- [TASK DIRECTIONS]: Word for word, reproduce the records, keeping none of the pictures.

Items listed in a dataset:
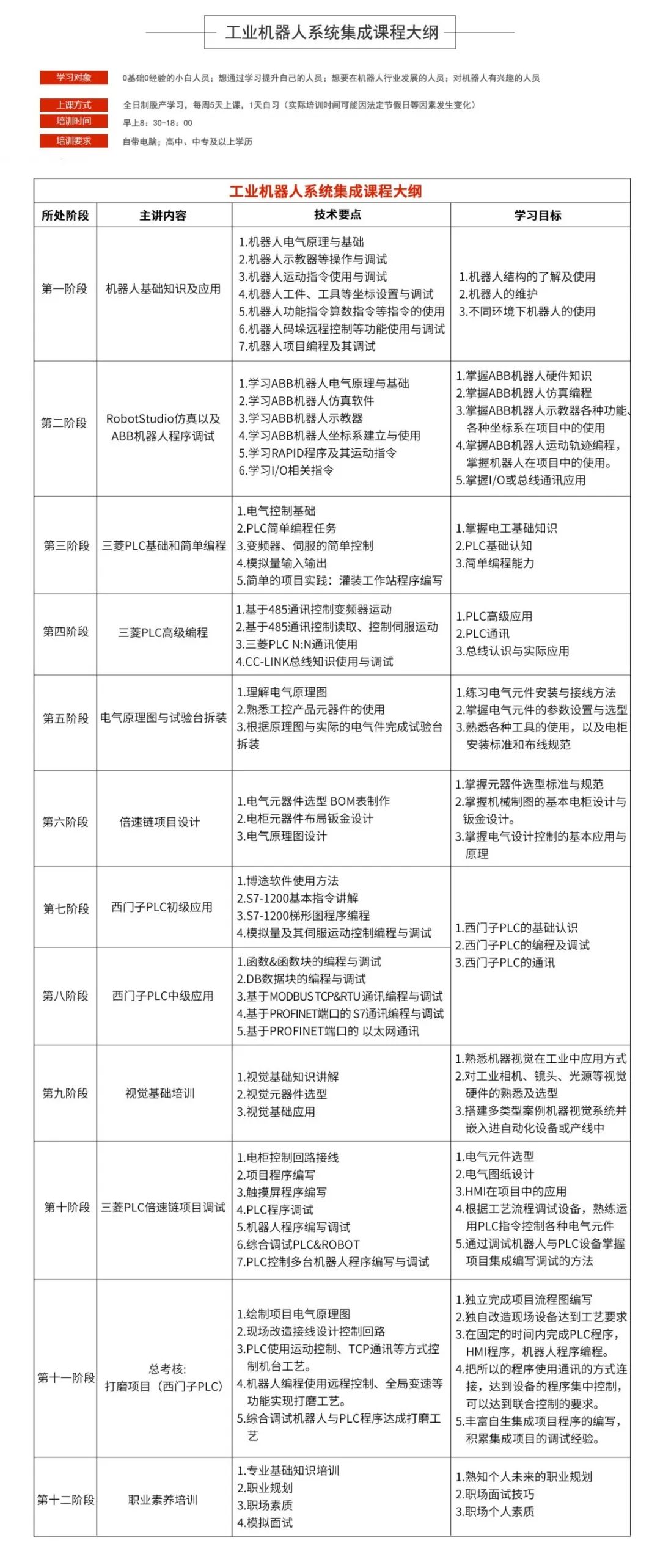 以下是我在丝瓜视频污版在线观看机器人培训的课程内容,我把官网的课程截上来,确实是正儿八经的学习到项目制,也是可以把项目经验写在简历上的。特别是参与了机器视觉康耐视和PLC+机器人的实操,相当于完成了“技师”、“高级技师”等级的考题:
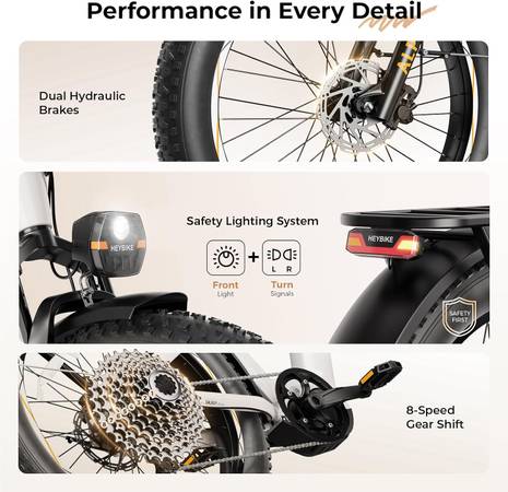 【Pro-Level Safety & Visibility】Equipped with dual hydraulic disc brakes, this fat tire electric bike stops 30% faster than standard bikes. LED turn signals, headlight, and brake lights ensure 360° visibility—perfect for urban streets or off-road rides.
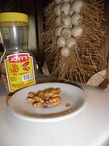 The most important product from pili is the kernel. A testa (seed coat) is between the shell and the kernel.[3] When raw, its flavor resembles that of roasted pumpkin seed, and when roasted, its nutty flavor and waxy texture make it similar to the pine nut.[8] Research from the Institute of Plant Breeding, University of the Philippines Los Baños, describes pili nuts of high quality as large, round kernel, and a thin pulp and shell. The contents should have a white pulp, high in protein and oils with mild nutty flavor.[9]
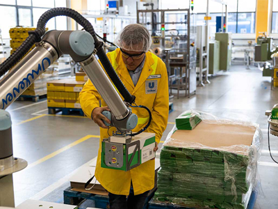 “Six UR10 cobots pack and place ready-to-sell cartons on pallets. In the past, employees spent 70 per cent of their time packaging and 30 per cent palletising, but thanks to the cobots, 30 per cent of their time was freed up to focus on valuable and strategic tasks,” he said.
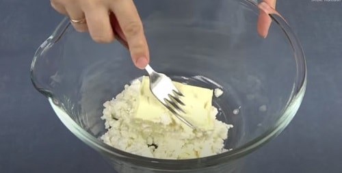 - Викладіть в миску сирний продукт, влийте масло. Розітріть суміш.
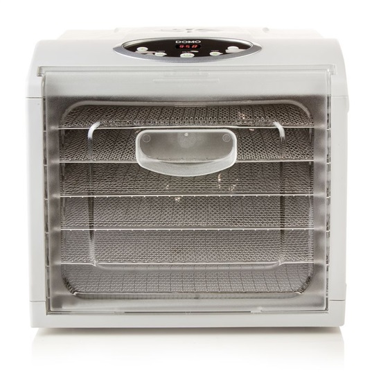 DOMO DO353VD - sušička ovoce a potravin • průhledná vysunovací dvířka • ovládací LCD panel • 6 nerezových sušicích plat (33 × 30,4 cm) • nastavitelná doba sušení 30 minut – 19,5 hodiny • sušení v rozmezí od 35 °C do 70 °C • časovač • max. hlučnost 55 dB • bezpečnostní spínač
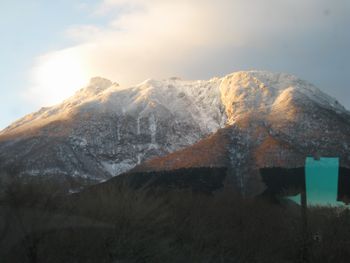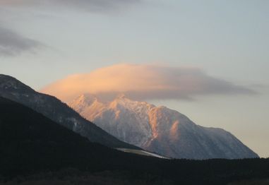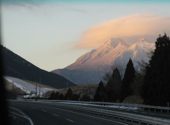 |  | 朝、7時31分、太陽の光が雲と雪肌に当たって、とても美しい姿になっている由布岳です。 |
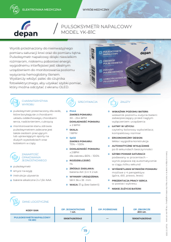 ELEKTRONIKA MEDYCZNA WYR%u00d3B MEDYCZNYCHARAKTERYSTYKAWYROBUZAWARTO%u015a%u0106OPAKOWANIAJEDNOSTKOWEGOpulsoksymetr przeznaczony dla os%u00f3b, kt%u00f3re borykaj%u0105 sie z chorobami ukladu oddechowego, chorobami serca, nadcisnieniem, cukrzyc%u0105monitorowanie stanu zdrowia pulsoksymetrem zalecane jest tak%u017ce osobom pracuj%u0105cym lub uprawiaj%u0105cym sporty na du%u017cych wysoko%u015bciach oraz kobietom w ci%u0105%u017cypulsoksymetr smycz na szyj%u0119instrukcja u%u017cywaniabaterie alkaliczne 2 x 1,5V AAA SPECYFIKACJA ZALETYPULSZAKRES POMIARU:30 %u2013 254 BPMDOK%u0141ADNO%u015a%u0106 POMIARU:%u00b1 2 BPM SKALA:1 BPMSpO2 ZAKRES POMIARU: 70% %u2013 100%DOK%u0141ADNO%u015a%u0106 POMIARU:%u00b1 2 BPM dla zakresu 80% %u2013 100%ROZDZIELCZO%u015a%u0106:1%ZR%u00d3D%u0141O ZASILANIA:bateria AA 1,5 V X 2 szt.WYMIARY URZ%u0104DZENIA: 58 X 36 x 33 mmWAGA: 31 g (bez baterii)WSKA%u0179NIK POZIOMU BATERII:wskaznik poziomu zu%u017cycia baterii zabezpieczaj%u0105cy przed naglym wy%u0142%u0105czeniem urz%u0105dzenia%u0141ATWY W U%u017bYCIU:czytelny kolorowy wy%u015bwietlacz; kompaktowy rozmiarERGONOMICZNY DESIGN:lekka i wygodna konstrukcja AUTOMATYCZNE WY%u0141%u0104CZANIEpo 8 sekundach bezczynno%u015bciSZYBKI POMIAR SATURACJI podawany w procentach %u2013 wynik pojawia si%u0119 automatycznie w ci%u0105gu kilku sekundWY%u015aWIETLANIE WYNIK%u00d3W POMIARUmo%u017cliwe z 4 perspektyw (g%u00f3ra, d%u00f3l, prawo, lewo)PREZENTACJA PRACY SERCAw postaci wykresuNISKIE ZU%u017bYCIE BATERIIHELBO sp. z o.o. ul. Tadeusza %u015aliwiaka 14A 30-797 Krak%u00f3w KODY EAN OP. JEDNOSTKOWE 1 szt. OP. PO%u015aREDNIE OP. ZBIORCZE200 szt.PULSOKSYMETR NAPALCOWYYK-81C %u2015DANE LOGISTYCZNEPULSOKSYMETR NAPALCOWYMODEL YK-81CDane oraz zdj%u0119cia zawarte w karcie maj%u0105 charakter pogl%u0105dowy i mog%u0105 ulec zmianie. Wyd. 02/ 20255906742631043 15906742631040Wyr%u00f3b przeznaczony do nieinwazyjnego pomiaru saturacji krwi oraz do pomiaru t%u0119tna. Pulsoksymetr napalcowy dzi%u0119ki niewielkim rozmiarom, niskiemu poborowi energii, wygodnemu interfejsowi jest idealnymurz%u0105dzeniem do monitorowania poziomu wysycenia hemoglobiny tlenem. Wystarczy w%u0142o%u017cy%u0107 palec do czujnika fotoelektrycznego, aby uzyska%u0107 szybki pomiar, kt%u00f3ry mo%u017cna odczyta%u0107 z ekranu OLED.19
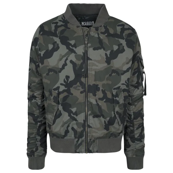 De Vintage Camo bomberjack van Urban Classics is voorzien van alle typische kenmerken van een bomber: licht gerimpelde mouwen, een zak op de bovenarm, platte zijzakken en een kleine geribde kraag. Maar het camouflagepatroon en de vervaagde uitstraling geven deze klassieker een compleet nieuwe en coole look - een must voor bomfans.Oberstoff 1 : 100% Baumwolle, Twill, 170 GSM Oberstoff 2 : 100% Polyester, Taffeta, 60 GSM Wattierung : 100% Polyester, Polyfill, 100 GSM
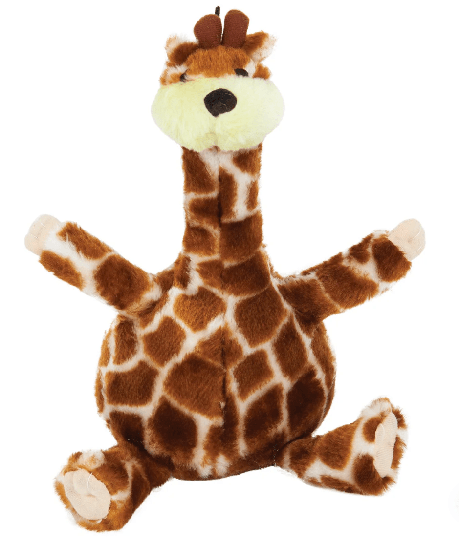 Booda® Bellies Giraffe Dog Toy is an irresistible plush toy that your dog will love to carry, cuddle, and chew! Soft to bite, but tough and durable. Fun-loving Giraffe features a big, squeezable belly that makes a loud grunting sound that will give your dog a big bonus during play!
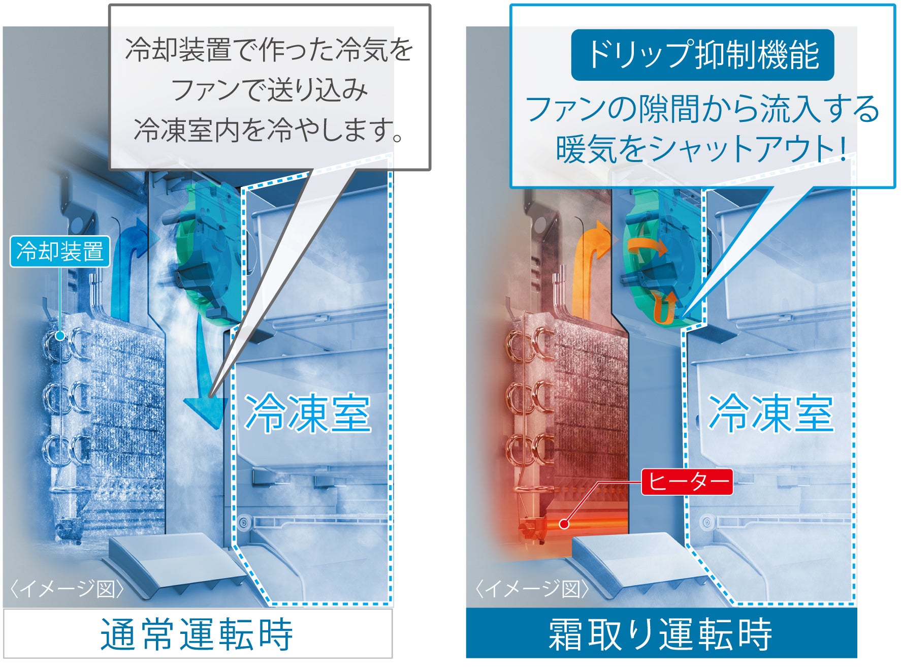 ドリップ抑制機能を搭載した「おいシールド冷凍」はAQUA独自の冷凍技術です。冷蔵庫の自動霜取り運転時に発生する暖気の侵入を防ぎ、冷凍室内の温度変化を抑えます。これにより食材を霜つきから守り、冷凍した食材のうまみや食感を損なわず長期間おいしさを保ちます ※5。
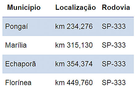 Praças de Pedágio - São quatro praças de pedágio na SP-333, região de Marília, onde os equipamentos entrarão em operação, nos dois sentidos. Confira:

- [RESPONSE]:
 以下是我在丝瓜视频污版在线观看机器人培训的课程内容,我把官网的课程截上来,确实是正儿八经的学习到项目制,也是可以把项目经验写在简历上的。特别是参与了机器视觉康耐视和PLC+机器人的实操,相当于完成了“技师”、“高级技师”等级的考题:
 【Pro-Level Safety & Visibility】Equipped with dual hydraulic disc brakes, this fat tire electric bike stops 30% faster than standard bikes. LED turn signals, headlight, and brake lights ensure 360° visibility—perfect for urban streets or off-road rides.
 The most important product from pili is the kernel. A testa (seed coat) is between the shell and the kernel.[3] When raw, its flavor resembles that of roasted pumpkin seed, and when roasted, its nutty flavor and waxy texture make it similar to the pine nut.[8] Research from the Institute of Plant Breeding, University of the Philippines Los Baños, describes pili nuts of high quality as large, round kernel, and a thin pulp and shell. The contents should have a white pulp, high in protein and oils with mild nutty flavor.[9]
 “Six UR10 cobots pack and place ready-to-sell cartons on pallets. In the past, employees spent 70 per cent of their time packaging and 30 per cent palletising, but thanks to the cobots, 30 per cent of their time was freed up to focus on valuable and strategic tasks,” he said.
 - Викладіть в миску сирний продукт, влийте масло. Розітріть суміш.
 DOMO DO353VD - sušička ovoce a potravin • průhledná vysunovací dvířka • ovládací LCD panel • 6 nerezových sušicích plat (33 × 30,4 cm) • nastavitelná doba sušení 30 minut – 19,5 hodiny • sušení v rozmezí od 35 °C do 70 °C • časovač • max. hlučnost 55 dB • bezpečnostní spínač
 |  | 朝、7時31分、太陽の光が雲と雪肌に当たって、とても美しい姿になっている由布岳です。 |
 ELEKTRONIKA MEDYCZNA WYR%u00d3B MEDYCZNYCHARAKTERYSTYKAWYROBUZAWARTO%u015a%u0106OPAKOWANIAJEDNOSTKOWEGOpulsoksymetr przeznaczony dla os%u00f3b, kt%u00f3re borykaj%u0105 sie z chorobami ukladu oddechowego, chorobami serca, nadcisnieniem, cukrzyc%u0105monitorowanie stanu zdrowia pulsoksymetrem zalecane jest tak%u017ce osobom pracuj%u0105cym lub uprawiaj%u0105cym sporty na du%u017cych wysoko%u015bciach oraz kobietom w ci%u0105%u017cypulsoksymetr smycz na szyj%u0119instrukcja u%u017cywaniabaterie alkaliczne 2 x 1,5V AAA SPECYFIKACJA ZALETYPULSZAKRES POMIARU:30 %u2013 254 BPMDOK%u0141ADNO%u015a%u0106 POMIARU:%u00b1 2 BPM SKALA:1 BPMSpO2 ZAKRES POMIARU: 70% %u2013 100%DOK%u0141ADNO%u015a%u0106 POMIARU:%u00b1 2 BPM dla zakresu 80% %u2013 100%ROZDZIELCZO%u015a%u0106:1%ZR%u00d3D%u0141O ZASILANIA:bateria AA 1,5 V X 2 szt.WYMIARY URZ%u0104DZENIA: 58 X 36 x 33 mmWAGA: 31 g (bez baterii)WSKA%u0179NIK POZIOMU BATERII:wskaznik poziomu zu%u017cycia baterii zabezpieczaj%u0105cy przed naglym wy%u0142%u0105czeniem urz%u0105dzenia%u0141ATWY W U%u017bYCIU:czytelny kolorowy wy%u015bwietlacz; kompaktowy rozmiarERGONOMICZNY DESIGN:lekka i wygodna konstrukcja AUTOMATYCZNE WY%u0141%u0104CZANIEpo 8 sekundach bezczynno%u015bciSZYBKI POMIAR SATURACJI podawany w procentach %u2013 wynik pojawia si%u0119 automatycznie w ci%u0105gu kilku sekundWY%u015aWIETLANIE WYNIK%u00d3W POMIARUmo%u017cliwe z 4 perspektyw (g%u00f3ra, d%u00f3l, prawo, lewo)PREZENTACJA PRACY SERCAw postaci wykresuNISKIE ZU%u017bYCIE BATERIIHELBO sp. z o.o. ul. Tadeusza %u015aliwiaka 14A 30-797 Krak%u00f3w KODY EAN OP. JEDNOSTKOWE 1 szt. OP. PO%u015aREDNIE OP. ZBIORCZE200 szt.PULSOKSYMETR NAPALCOWYYK-81C %u2015DANE LOGISTYCZNEPULSOKSYMETR NAPALCOWYMODEL YK-81CDane oraz zdj%u0119cia zawarte w karcie maj%u0105 charakter pogl%u0105dowy i mog%u0105 ulec zmianie. Wyd. 02/ 20255906742631043 15906742631040Wyr%u00f3b przeznaczony do nieinwazyjnego pomiaru saturacji krwi oraz do pomiaru t%u0119tna. Pulsoksymetr napalcowy dzi%u0119ki niewielkim rozmiarom, niskiemu poborowi energii, wygodnemu interfejsowi jest idealnymurz%u0105dzeniem do monitorowania poziomu wysycenia hemoglobiny tlenem. Wystarczy w%u0142o%u017cy%u0107 palec do czujnika fotoelektrycznego, aby uzyska%u0107 szybki pomiar, kt%u00f3ry mo%u017cna odczyta%u0107 z ekranu OLED.19
 De Vintage Camo bomberjack van Urban Classics is voorzien van alle typische kenmerken van een bomber: licht gerimpelde mouwen, een zak op de bovenarm, platte zijzakken en een kleine geribde kraag. Maar het camouflagepatroon en de vervaagde uitstraling geven deze klassieker een compleet nieuwe en coole look - een must voor bomfans.Oberstoff 1 : 100% Baumwolle, Twill, 170 GSM Oberstoff 2 : 100% Polyester, Taffeta, 60 GSM Wattierung : 100% Polyester, Polyfill, 100 GSM
 Booda® Bellies Giraffe Dog Toy is an irresistible plush toy that your dog will love to carry, cuddle, and chew! Soft to bite, but tough and durable. Fun-loving Giraffe features a big, squeezable belly that makes a loud grunting sound that will give your dog a big bonus during play!
 ドリップ抑制機能を搭載した「おいシールド冷凍」はAQUA独自の冷凍技術です。冷蔵庫の自動霜取り運転時に発生する暖気の侵入を防ぎ、冷凍室内の温度変化を抑えます。これにより食材を霜つきから守り、冷凍した食材のうまみや食感を損なわず長期間おいしさを保ちます ※5。
 Praças de Pedágio - São quatro praças de pedágio na SP-333, região de Marília, onde os equipamentos entrarão em operação, nos dois sentidos. Confira:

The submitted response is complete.